To examine the actual mechanism, each of pMEhCD40L and IIIB/REV were separately injected into opposite legs. The results demonstrated that hCD40L could show its immunostimulatory properties even through contralateral injection. Our results suggested that a soluble form of hCD40L or hCD40L expressing cells might be carried and bound to CD40 on antigen‐presenting APCs. Mendoza et al. reported that animals injected with DNA vaccine and pCD40L at different sites did not show enhanced CTL response.³¹ We have no way of explaining the difference between their results and ours. It might depend on the difference between mCD40L and hCD40L or the difference between the vectors studied.

Next we analysed cytokine production using ELISpot assay. This method enables us to count directly the number of cytokine‐producing cells and to evaluate the balance between Th1 and Th2 activation more precisely; this is because the ELISpot data was shown to reflect only the rate of cytokine production while ELISA data reflect not only the rate of production but also the rate of decay and consumption of cytokine. Using this ELISpot technique, we found that the number of IFN‐γ‐producing cells and IL‐4‐producing cells were both increased prominently by the expression of hCD40L. This result indicates that the expression of hCD40L caused the stimulation of both Th1 and Th2 cells which was not indicated by the analysis using ELISA. The increased production of IgG2a without suppression of IgG1 production is consistent with bilateral stimulation of Th1 and Th2 cells.

Generally, an adjuvant is supposed to enhance either Th1‐ or Th2‐type immune response. In contrast, the addition of pMEhCD40L could enhance both humoral and cellular immunity without changing the balance between Th1 and Th2 under DNA vaccination and can enhance the production of both IL‐4 and IFN‐γ, so it is thought to be a unique adjuvant.

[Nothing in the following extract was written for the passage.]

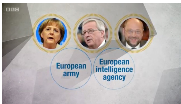
FIGURE 3: Future of European Union

The BBC explained that the UK joined the European Economic Community in 1973 (minute 00:15-00:22). The UK stayed a member based on the 1975 referendum results, in which 67% of the population supported the membership (minute 00:23-00:32). According to the BBC editorial team, the EU was formed in 1993 as a political and economic union (minute 00:33-00:47). It introduced a one currency program that

Our results showed that the cells from inguinal or para‐aortic lymph nodes had more antigen‐specific cytokine‐producing cells than the cells from spleen. This is an important observation to show the exact site where antigen presentation occurs in the DNA vaccine system. Robinson et al. reported that immune response was obtained even they ablated the immunized mouse muscle immediately after immunization. They hypothesized that antigen presentation occurred not at the injected focus but at a close lymph node or in the spleen via the blood stream where DNA vaccination was given intramuscularly.^32,33 Our results support their hypothesis.

The present study clearly demonstrated adjuvant activity of hCD40L in DNA vaccination against HIV and the vaccination combined with pMEhCD40L is expected to contribute to the development of more effective vaccination than one combined with conventional adjuvant. Especially, in AIDS patients with decreased CD4⁺ helper T lymphocytes, hCD40L in DNA vaccination may provide an opportunity for enhancement of CTL activity. In fact, we planned the experiment using this plasmid in severe combined immunodeficiency (SCID)/Hu mice because this model can simulate immunologically the human being infected with HIV.